The RIAA's Road to Perdition, and a Digital Copyright Primer - Page 3

For this "limited" time, Copyright law essentially grants the author the exclusive rights to copy or reproduce the work, make derivative works, distribute copies of the work (sell, give away, lease or license), and to perform the work, and, of course, to keep others from doing the same.

Simple enough? Not hardly.

....A number of years ago, the U.S. Supreme Court dealt with a man named Dowling, who sold "pirated" Elvis Presley recordings, and was prosecuted for the Interstate Transportation of Stolen Property. The Supremes did not condone his actions, but did make it clear that it was not "theft" — but technically "infringement" of the copyright of the Presley estate, and therefore copyright law, and not anti-theft statutes, had to be invoked.

So "copying" is not "stealing" but can be "infringing."

....copying is not always infringing.
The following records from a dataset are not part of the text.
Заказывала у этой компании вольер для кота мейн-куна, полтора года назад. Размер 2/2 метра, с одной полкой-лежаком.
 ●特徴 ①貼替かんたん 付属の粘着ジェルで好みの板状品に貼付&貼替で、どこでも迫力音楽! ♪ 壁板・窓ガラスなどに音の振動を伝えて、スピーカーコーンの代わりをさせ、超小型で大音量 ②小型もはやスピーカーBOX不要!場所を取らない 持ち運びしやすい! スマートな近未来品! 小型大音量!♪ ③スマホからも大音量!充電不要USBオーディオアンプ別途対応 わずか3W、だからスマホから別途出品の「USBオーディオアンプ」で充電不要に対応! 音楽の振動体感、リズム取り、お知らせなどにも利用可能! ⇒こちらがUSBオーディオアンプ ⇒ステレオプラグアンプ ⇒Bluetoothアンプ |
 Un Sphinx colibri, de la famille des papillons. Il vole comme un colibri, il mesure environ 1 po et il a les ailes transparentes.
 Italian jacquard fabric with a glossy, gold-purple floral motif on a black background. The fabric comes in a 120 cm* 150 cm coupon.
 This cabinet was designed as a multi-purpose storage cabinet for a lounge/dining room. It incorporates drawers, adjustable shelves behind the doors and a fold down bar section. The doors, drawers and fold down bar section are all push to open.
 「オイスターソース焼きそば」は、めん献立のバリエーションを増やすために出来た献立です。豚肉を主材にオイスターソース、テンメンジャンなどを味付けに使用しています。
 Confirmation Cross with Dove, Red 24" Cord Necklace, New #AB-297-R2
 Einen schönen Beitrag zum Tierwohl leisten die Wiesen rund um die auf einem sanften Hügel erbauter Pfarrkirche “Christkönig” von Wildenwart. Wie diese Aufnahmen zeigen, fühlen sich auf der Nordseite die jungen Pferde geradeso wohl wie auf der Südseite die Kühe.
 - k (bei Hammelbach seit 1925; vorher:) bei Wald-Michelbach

If the work is not copyrighted, if you have a license to make the copy, or if the work is in the public domain, you can copy at will. Also, not all "copies" are the same. Say you buy a CD and play it on your computer — technically, you have already made a "copy" onto the PC in the process of playing it, but that's not an infringement.

Making an archive copy is okay too, as long as your retain the original. What about a transformative copy — say, making an MP3 out of a CD? You can do that, so long as you retain the original work. If the original CD get scratched, damaged or lost, you can probably burn the MP3 back to a CD (sans the really "sucky" titles), but this is not entirely clear.
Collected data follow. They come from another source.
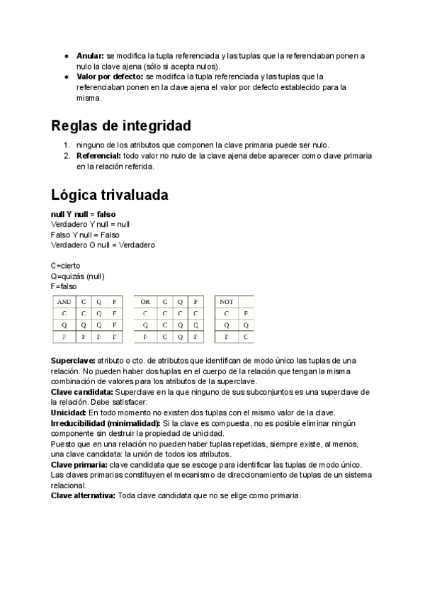 Apuntes extraídos de notas de clase, diapositivas proporcionadas por los profesores y del libro de teoría de Base de datos.
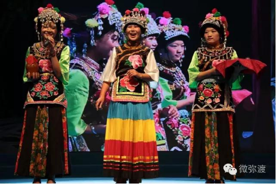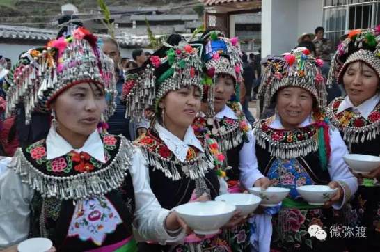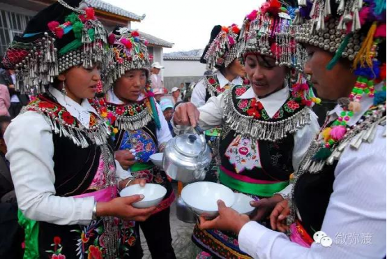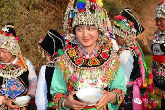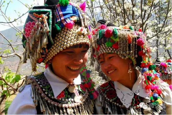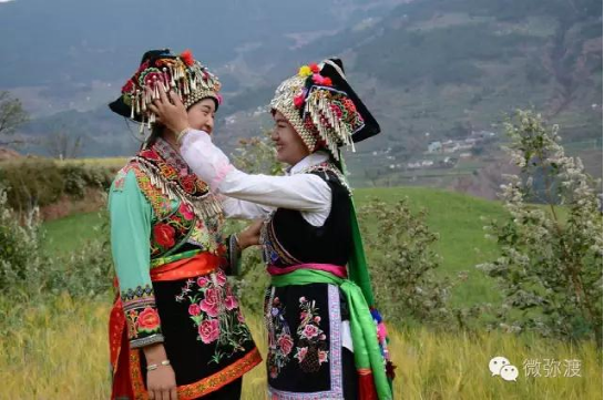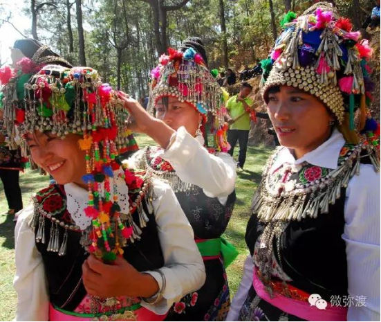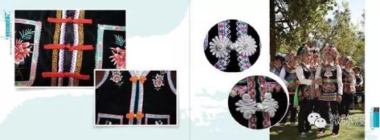 “羅羅潑支”男女服飾的特點:“羅羅潑”男子服飾與“迷撒潑”相差無幾,一般不戴白頭巾。但是婦女的服飾相差卻很大,明顯保留著古樸高雅的南詔遺風。頭飾由桂花、包頭、飄帶、大墜子、蜜蜂墜、芝麻鈴組成。桂花墊子在裱布上蒙黑色面料,中間訂有銀飾。包頭以黑色為主,長約2米,后鏈系于包頭,鏈子為銀制。飄帶長約4尺,黑色留花邊,兩頭訂英蘇。包頭還系有大墜子、蜜蜂墜各一對,芝麻鈴20個。領合由裱布黑色面料上訂芝麻玲20個圍在脖子上。圍腰的前胸部,由領口至腹部,左右各垂掛一條綴有串珠、針筒、響篾(口弦)一類飾品和生活用品的銀質項鏈。人一走動,全身的小蘇鈴就響,聲音悅耳動聽,形象美觀大方。額頭前還圍有一塊翠綠色的“桂花綁”,綁上釘有銀質小泡泡200多顆,羅羅潑支婦女的服飾彰顯華麗之美。
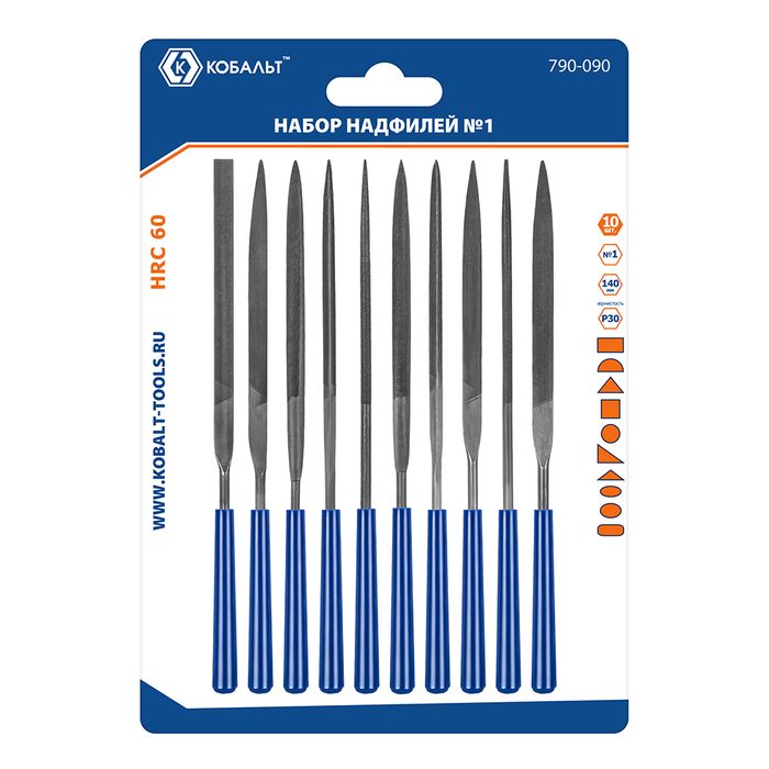 Набор надфилей КОБАЛЬТ насечка №1, длина рабочая/общая 140 х 60 мм, обрезиненные рукоятки, зернистость Р30, 10 ШТУК, блистер (790-090) - цена, фото, технические характеристики
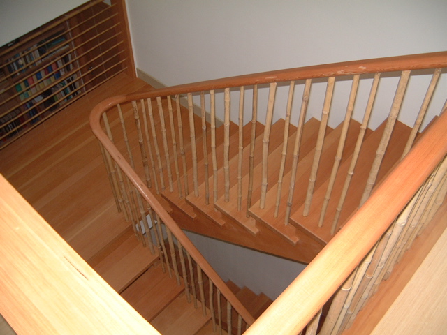 The three-story interior stair railing and screen is made of bamboo, fir and monofilament fiber. The fir handrail has some hand-carved turned sections crafted by David Stein, another local woodworker. The use of the three materials resulted in a light and striking work of art that is particularly effective at night in the soft light of the stairwell sconce from above. The fir handrail is acquiring a wonderful sheen as many hands pass over it and has proved to be durable as well as beautiful.
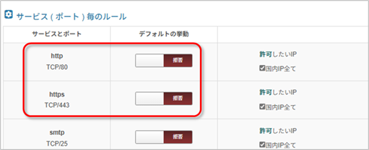 コントロールパネルの「IPアクセス制限」でhttp(TCP:80)/https(TCP:443)を[拒否]に設定すると、海外IPのアドレスからはアクセスできません。

.... if you make copies for purposes such as criticism, comment, news reporting, teaching (including multiple copies for classroom use), scholarship, or research, it is not an infringement of the copyright, even if the copyright holder does not want you to do so.

This isn't black and white, of course. In deciding whether a use is fair or not, courts will consider a number of factors: Did you make the copies for commercial purposes? Does the copy deprive the copyright holder of revenues? Did you copy all, or substantially all, of the work, or just a small portion? The less of the work copied, the less commercial and the less impact on the copyrighted work, the more likely it is to be considered "fair."